• Family Matters,  movies

    pree-awj-jeh-kee

    I have no words for tonight’s blog post because I am visiting my mom and my niece is talking non-stop. She will not shut up. I cannot concentrate. She is taking up all the words in the universe and there are none left for me.

    Click here for a very small sample. (1.07 MB quicktime movie)

  • illos,  preg-nuts

    Walrus Fashion

    If you are pregnant, do not let your friends talk you into having your baby shower during your very last month of pregnancy. No matter who tells you how cute you are, all big-as-a-house and glowing…. They are lying. They are just enjoying the fact that you look like blubber on wheels and they can feel all skinny next to you. It is HORRIBLE.

    I know, I know. I really do not deserve to complain. Here I am perfectly healthy, and I have friends showering me with gifts!! It’s just that I really wanted to have a cute outfit to wear to my shower. Something pink and brown and not a tent. I even saved a gift certificate from my mother-in-law to Pea in the Pod for something extra special. I just want to look stylish and cute in my state.

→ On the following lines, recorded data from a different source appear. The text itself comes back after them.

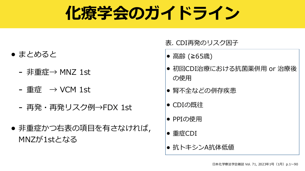 #28. 化療学会のガイドライン • 表. CDI再発のリスク因⼦ まとめると • ⾼齢 (≧65歳) - ⾮重症→ MNZ 1st • - 初回CDI治療における抗菌薬併⽤ or 治療後 の使⽤ 重症 • 腎不全などの併存疾患 • CDIの既往 • PPIの使⽤ • 重症CDI • 抗トキシンA抗体低値 • → VCM 1st 再発・再発リスク例→FDX 1st ⾮重症かつ右表の項⽬を有さなければ, MNZが1stとなる ⽇本化学療法学会雑誌 Vol. 71, 2023年1号(1⽉)p.1〜90
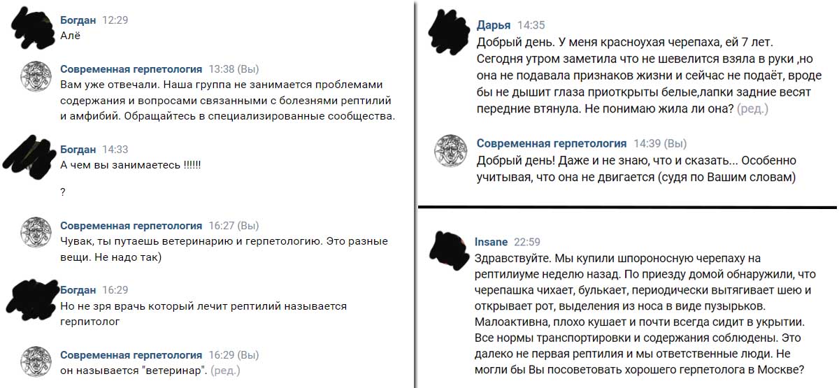 Несколько скринов переписки из сообщений группы "Современная герпетология"
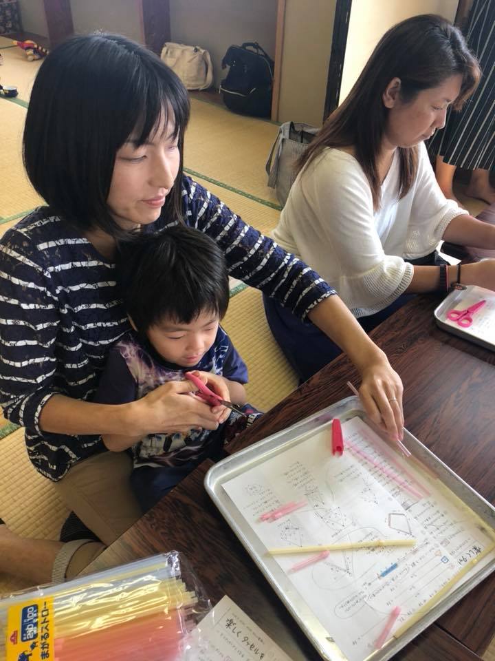 今回はストローを使用して家でも楽しめるように、作り方を教わりながらみんなで作りました。

    WHICH IS IMPOSSIBLE when you look like a walrus!!! Since when have maternity clothes been too small for me! It was pure torture yesterday at the mall. Nothing fits me! If I get a large, my boobs don’t fill up the top. If I get a medium my stomach is stretching the belly area to maximum capacity. I am so front heavy, I look like I’ll fall over if a breeze blows by.

    Plus, I think yesterday was fashion model shopping day. Everywhere I looked were skinny bits of beautiful women. Everyone looked so pretty except me. I am chubby everywhere. My chin, my shoulders, my elbows, my knees. Every part of me is chubby! I bet even my teeth are chubby. There is nothing quite like the beating you give yourself in the reflection of a dressing room mirror. I don’t know if it’s the light or that the whole point is to be critical, but I am horrid to myself. I can see nothing good when I look at myself trying on clothes. This experience is not for the light hearted. I was practically in tears.

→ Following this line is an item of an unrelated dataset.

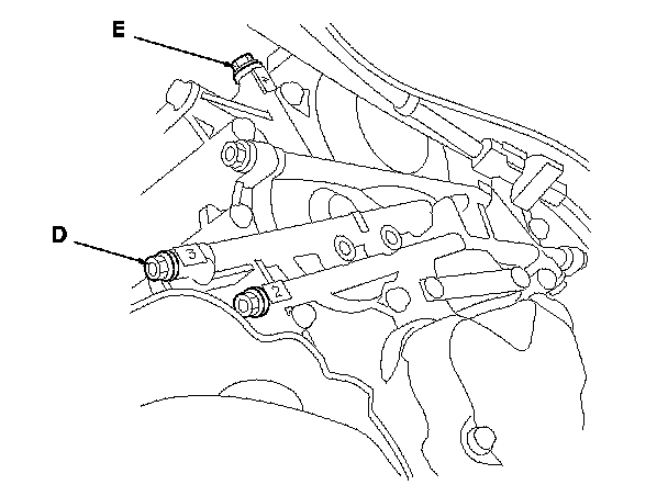 21. Connect the A/T oil pressure gauge to the 3rd clutch pressure inspection port (D) and the 4th clutch pressure inspection port (E).

    I ended up buying a super expensive Diane VonFurstenberg blouse and a dumpy looking brown skirt. The skirt really made me mad because I already have two brown dumpy looking skirts! But they wouldn’t go with my new super expensive blouse because one is a wrap skirt and gaps all over the place and the other has pin stripes. The gapping is just vanity because I don’t want to show my chubby legs. But the pin stripes really don’t go. The DianeVonWhatshername blouse has a pattern that is dainty and complicated and it really really really doesn’t match with pin stripes. Unless of course you weigh 89 pounds and you are a model. Then it would go. Anything goes then.

    Acquiring yet another brown skirt reminded me that I do not have any brown shoes. Well, I do. But they are my old $20 Target clogs from two years ago. I really need to update. I’ve been thinking that whenever I wear them with my other dumpy brown skirts. So I walked and walked and walked the mall. And I noticed all the very skinny fashionable women. Everybody who shops at my mall is beautiful. I think if I have to go on another shopping excursion anytime soon I am going to drive out to Hemet and shop where everyone is regular sized.

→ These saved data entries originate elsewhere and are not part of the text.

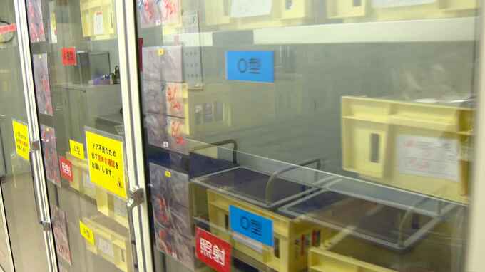 RKB吉松真希「こちらは輸血用の血液の保管室です。新型コロナの流行前までは、この大型冷蔵庫は血液の在庫で一杯だったということですが、現在は隙間が目立ちます」
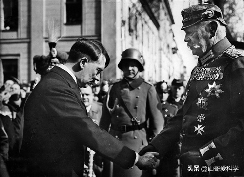 阿道夫·希特勒,一只披着羊皮的狼,卑躬屈膝地站在德国总统保罗·冯·兴登堡面前。一些德国政治家认为可以控制希特勒,因此在1933年说服兴登堡任命这位纳粹领导人为德国总理。不久之后,阿尔伯特·爱因斯坦便逃离了德国。
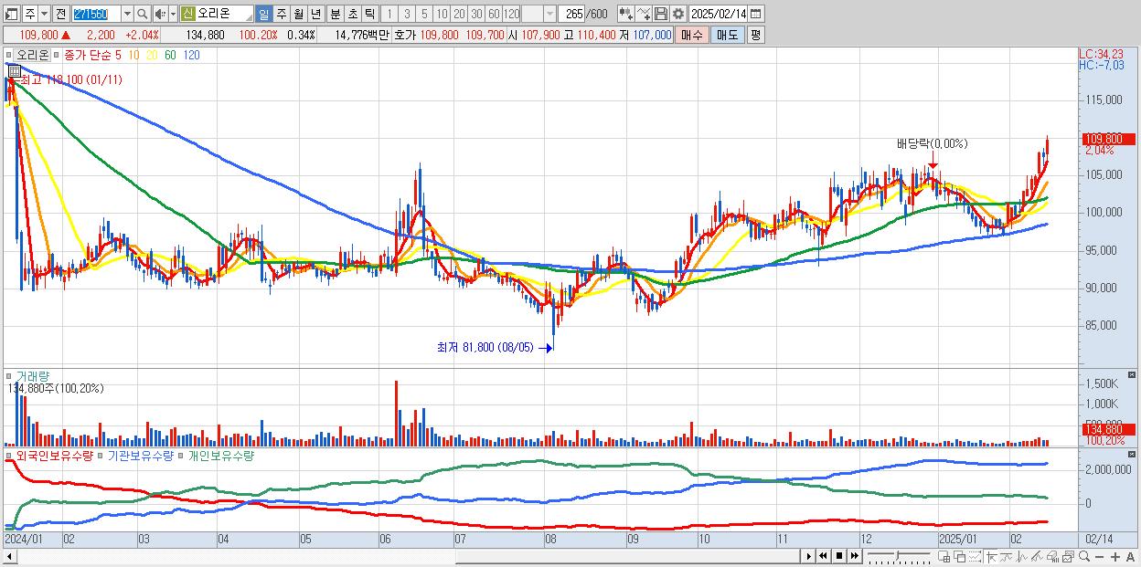- 오리온 (109,800원 ▲ 2.04% , 시총: 43,411억, 거래량: 134,880, 거래대금:148억, KOSPI)

    I popped into fifty-some shoe stores and found plenty of cute brown wedge heels that would go perfectly with my new outfit and not send my feet into swelling purgatory. But guess what? NOBODY HAS MY SIZE!!!! Nobody even has anything close to my size! I think all holiday shoppers over the weekend have bought everything size eight and under. I wear a six. But with recent events, I’m wearing sevens. It didn’t matter. Nobody had either. And there’s no way I’m ordering anything online because I really am not sure what size my feet are. Nothing is what it appears to be any more. I am living in the twilight zone of the eighth month of pregnancy. Plus my shower is THIS Saturday. There is no time for uncertainty.

    When I got home, shoeless, I was crying. Which is sort of a good thing because Toby felt bad for me and didn’t give me a lecture about spending too much on a designer blouse. He agreed that the skirt was dumpy and even told me to take it back and buy another one if I can find one. But we both know that isn’t worth it. I’ll live with the dumpy skirt. And I’ll live with the out-of-style clogs. Toby says that everyone is going to be looking at my face or my tummy and they won’t even notice my skirt or my shoes anyway.